» **Provided entries**:
▼

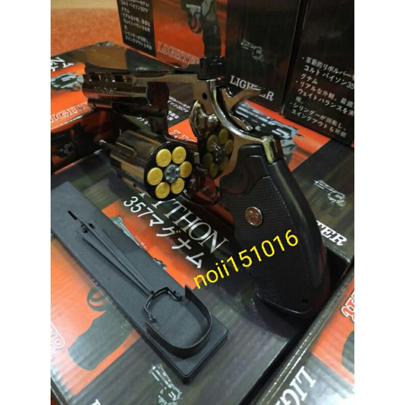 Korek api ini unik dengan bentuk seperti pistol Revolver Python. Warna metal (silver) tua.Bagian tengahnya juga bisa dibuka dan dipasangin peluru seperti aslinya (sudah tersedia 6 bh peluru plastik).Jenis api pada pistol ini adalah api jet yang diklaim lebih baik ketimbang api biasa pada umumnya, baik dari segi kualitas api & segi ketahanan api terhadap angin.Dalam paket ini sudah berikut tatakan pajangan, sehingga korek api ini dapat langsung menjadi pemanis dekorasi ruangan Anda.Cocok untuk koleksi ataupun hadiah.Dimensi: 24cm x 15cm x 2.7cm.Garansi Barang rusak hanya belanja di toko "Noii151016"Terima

▲
▼

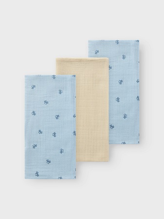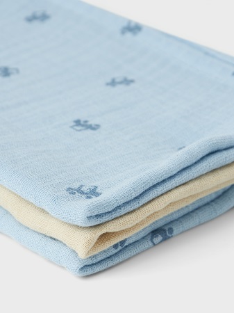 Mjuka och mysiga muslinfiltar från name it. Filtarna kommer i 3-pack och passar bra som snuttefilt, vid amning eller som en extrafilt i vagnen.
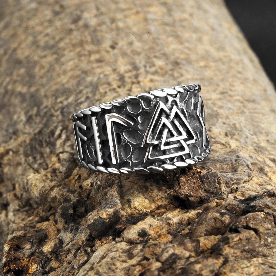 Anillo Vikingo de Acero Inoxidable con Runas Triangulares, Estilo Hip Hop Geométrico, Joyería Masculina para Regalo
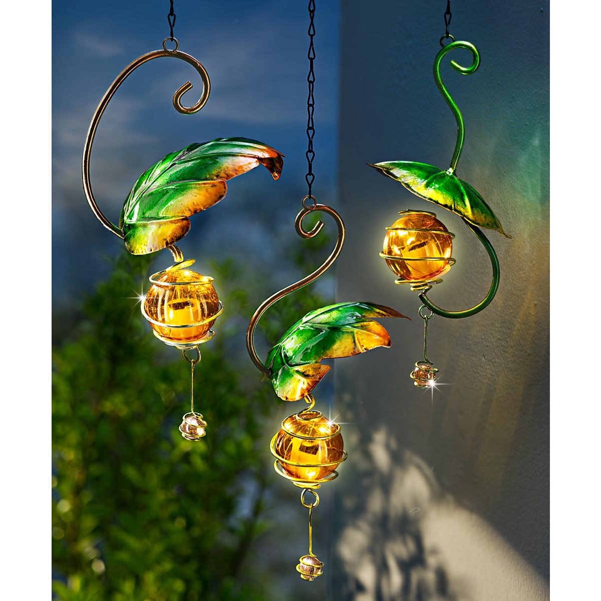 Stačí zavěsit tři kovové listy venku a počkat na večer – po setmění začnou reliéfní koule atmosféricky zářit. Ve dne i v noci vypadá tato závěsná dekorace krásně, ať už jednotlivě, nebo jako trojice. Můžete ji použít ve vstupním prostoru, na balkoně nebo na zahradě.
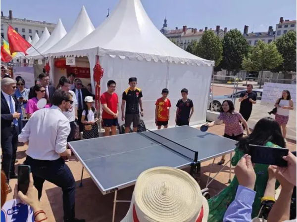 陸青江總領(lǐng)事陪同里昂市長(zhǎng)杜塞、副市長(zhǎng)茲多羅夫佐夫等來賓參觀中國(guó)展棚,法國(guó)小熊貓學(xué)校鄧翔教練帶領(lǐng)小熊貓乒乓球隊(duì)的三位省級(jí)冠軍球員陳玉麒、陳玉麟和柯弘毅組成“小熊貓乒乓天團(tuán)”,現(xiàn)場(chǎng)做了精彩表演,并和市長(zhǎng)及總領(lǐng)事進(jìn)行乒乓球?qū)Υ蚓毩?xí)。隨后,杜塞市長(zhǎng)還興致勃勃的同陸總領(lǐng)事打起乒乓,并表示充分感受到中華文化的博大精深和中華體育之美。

▲

Using the data above, print only the lines starting at the one with "Mjuka och mysiga" and ending at the one with "陸青江總領(lǐng)事陪同", exactly as they stand, minus the pictures.

 Mjuka och mysiga muslinfiltar från name it. Filtarna kommer i 3-pack och passar bra som snuttefilt, vid amning eller som en extrafilt i vagnen.
 Anillo Vikingo de Acero Inoxidable con Runas Triangulares, Estilo Hip Hop Geométrico, Joyería Masculina para Regalo
 Stačí zavěsit tři kovové listy venku a počkat na večer – po setmění začnou reliéfní koule atmosféricky zářit. Ve dne i v noci vypadá tato závěsná dekorace krásně, ať už jednotlivě, nebo jako trojice. Můžete ji použít ve vstupním prostoru, na balkoně nebo na zahradě.
 陸青江總領(lǐng)事陪同里昂市長(zhǎng)杜塞、副市長(zhǎng)茲多羅夫佐夫等來賓參觀中國(guó)展棚,法國(guó)小熊貓學(xué)校鄧翔教練帶領(lǐng)小熊貓乒乓球隊(duì)的三位省級(jí)冠軍球員陳玉麒、陳玉麟和柯弘毅組成“小熊貓乒乓天團(tuán)”,現(xiàn)場(chǎng)做了精彩表演,并和市長(zhǎng)及總領(lǐng)事進(jìn)行乒乓球?qū)Υ蚓毩?xí)。隨后,杜塞市長(zhǎng)還興致勃勃的同陸總領(lǐng)事打起乒乓,并表示充分感受到中華文化的博大精深和中華體育之美。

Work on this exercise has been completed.